Nestas alturas, como neste caso do faisão, a minha criação fica estreitada pelas regras do classicismo. Há alturas para ver o elétrico desejo e há alturas para ver Hamlet. Não fica aqui a receita, reservada para quem se quiser dar ao trabalho de a ir procurar onde sabe que as tenho, e quem não sabe que se lixe!. É que não me quero sujeitar a que qualquer tia diga “que coisa pesporrenta, não há pachorra, ó meninas, o gajo baba-se com a técnica”. De fato, não há pachorra para uma hora de compras com sentido crítico, uma hora para fazer geleia de carne como se deve, uma hora para o estufado, ensaios sucessivos - uma colher disto agora outra depois - para o molho sair equilibrado. 
Isto tem a ver com o que disse no último “post”. Caldo Knorr e produtos industriais, porque não, desde que bem trabalhados - o que não é coisa elementar? Mas em dia de festa, em jantar especial para quem tudo merece, umas horas de trabalho valem muito mais do que o dinheiro de comprar excelentes chocolates. Mais uma mesa bem posta, com as pobres pratas da família, bem vestidos mesmo só para olhar um para o outro, velas acesas, Murganheira super-reserva bruto 2004, a quadragésima muito em surdina, charme q. b.
Nota 1 - Claro que o jantar também meteu sopa. Deixo aqui umas dicas, mas só entendíveis por quem foi ler a receita do faisão. A sopa era um creme banal de alho francês com leite (nata está-me proibida) e fécula de batata.
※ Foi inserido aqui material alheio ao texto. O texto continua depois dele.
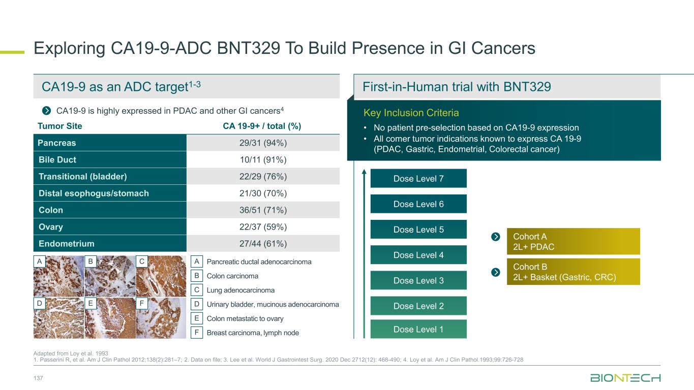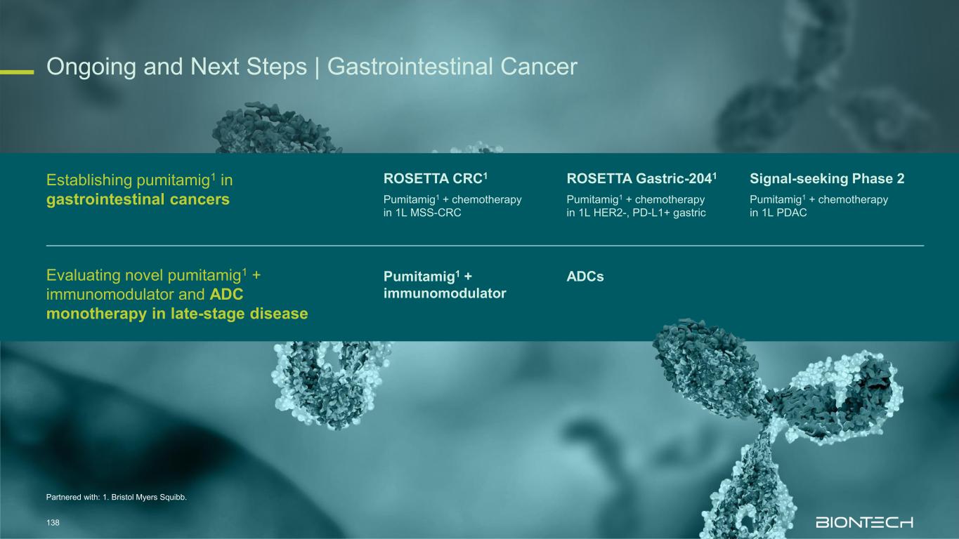 Exploring CA19-9-ADC BNT329 To Build Presence in GI Cancers 137 Adapted from Loy et al. 1993 1. Passerini R, et al. Am J Clin Pathol 2012;138(2):281–7; 2. Data on file; 3. Lee et al. World J Gastrointest Surg. 2020 Dec 2712(12): 468-490; 4. Loy et al. Am J Clin Pathol.1993;99:726-728 CA19-9 is highly expressed in PDAC and other GI cancers4 ExpansionDose escalation CA19-9 as an ADC target1-3 First-in-Human trial with BNT329 Key Inclusion Criteria • No patient pre-selection based on CA19-9 expression • All comer tumor indications known to express CA 19-9 (PDAC, Gastric, Endometrial, Colorectal cancer) Tumor Site CA 19-9+ / total (%) Pancreas 29/31 (94%) Bile Duct 10/11 (91%) Transitional (bladder) 22/29 (76%) Distal esophogus/stomach 21/30 (70%) Colon 36/51 (71%) Ovary 22/37 (59%) Endometrium 27/44 (61%) A B C D E F Pancreatic ductal adenocarcinomaA B C D E F Colon carcinoma Lung adenocarcinoma Urinary bladder, mucinous adenocarcinoma Colon metastatic to ovary Breast carcinoma, lymph node Dose Level 6 Dose Level 7 Dose Level 5 Dose Level 4 Dose Level 3 Dose Level 2 Dose Level 1 Cohort B 2L+ Basket (Gastric, CRC) Cohort A 2L+ PDAC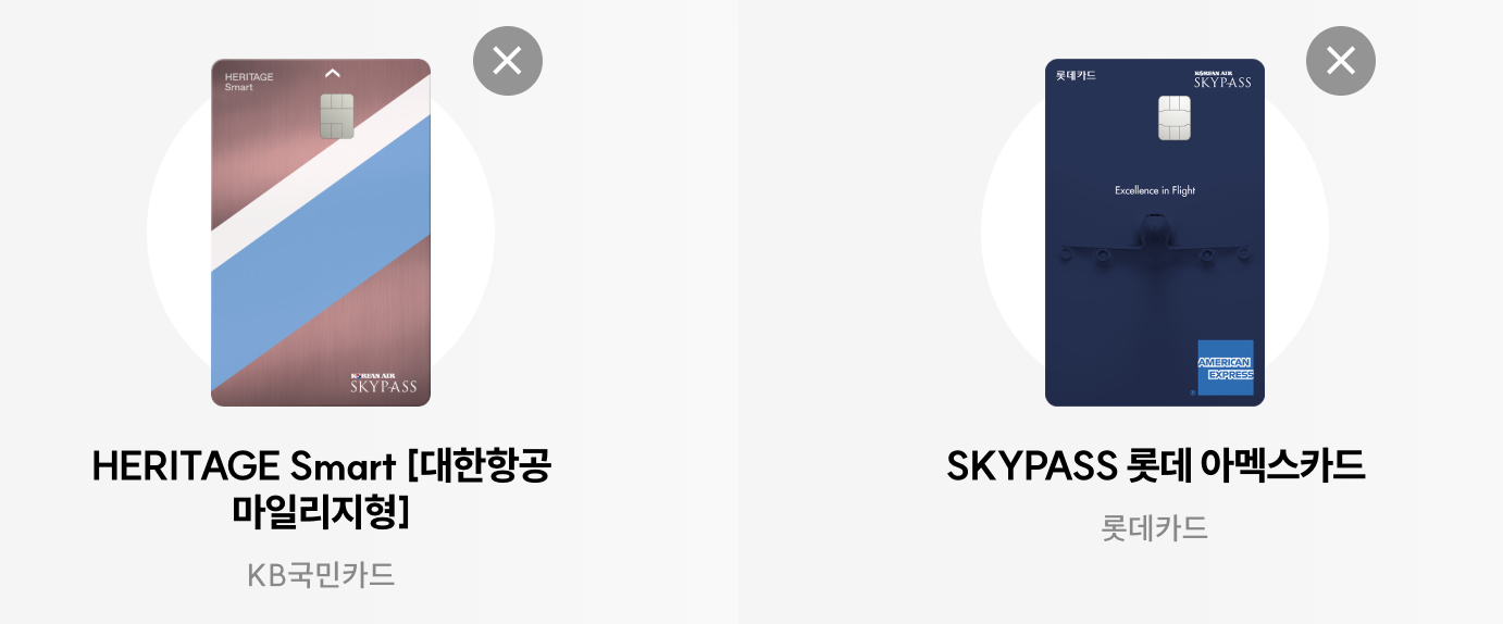 국민 헤리티지 대한항공 VS 스카이패스 롯데 아멕스

A mais, subiu o nível juntar umas boas colheres do puré de legumes estufados e miúdos, e de geleia de carne. “It’s the difference, stupid!”.
Nota 2 - Claro que as mãos de novilho, com parte da geleia, deram o excelente guisado/gratinado que era, até eu escrever, “segredo” da minha família. Tudo se aproveita!
Nota 3 - A minha querida jovem amiga M (que não foi quem jantou comigo!…) disse-me que tinha ouvido num programa do Jamie Oliver uma jovem inglesa dizer que não sabia como acender o seu fogão porque, em casa, só usava o micro-ondas!

quinta-feira, 21 de abril de 2011

Coisas Knorr

Não tenho publicado ultimamente criações minhas culinárias. Não é que não continue a dedicar a isto algum tempo de fim de semana, mas é que fico na dúvida. Bons cozinheiros não precisam delas, o público da blogosfera das tias não quer coisas tão esmeradas e exigentes. Quem tenta publicar na net coisas deste compromisso difícil acaba a publicar receitas que prefiro comer feitas pela boa cozinheira da minha tasca da esquina. 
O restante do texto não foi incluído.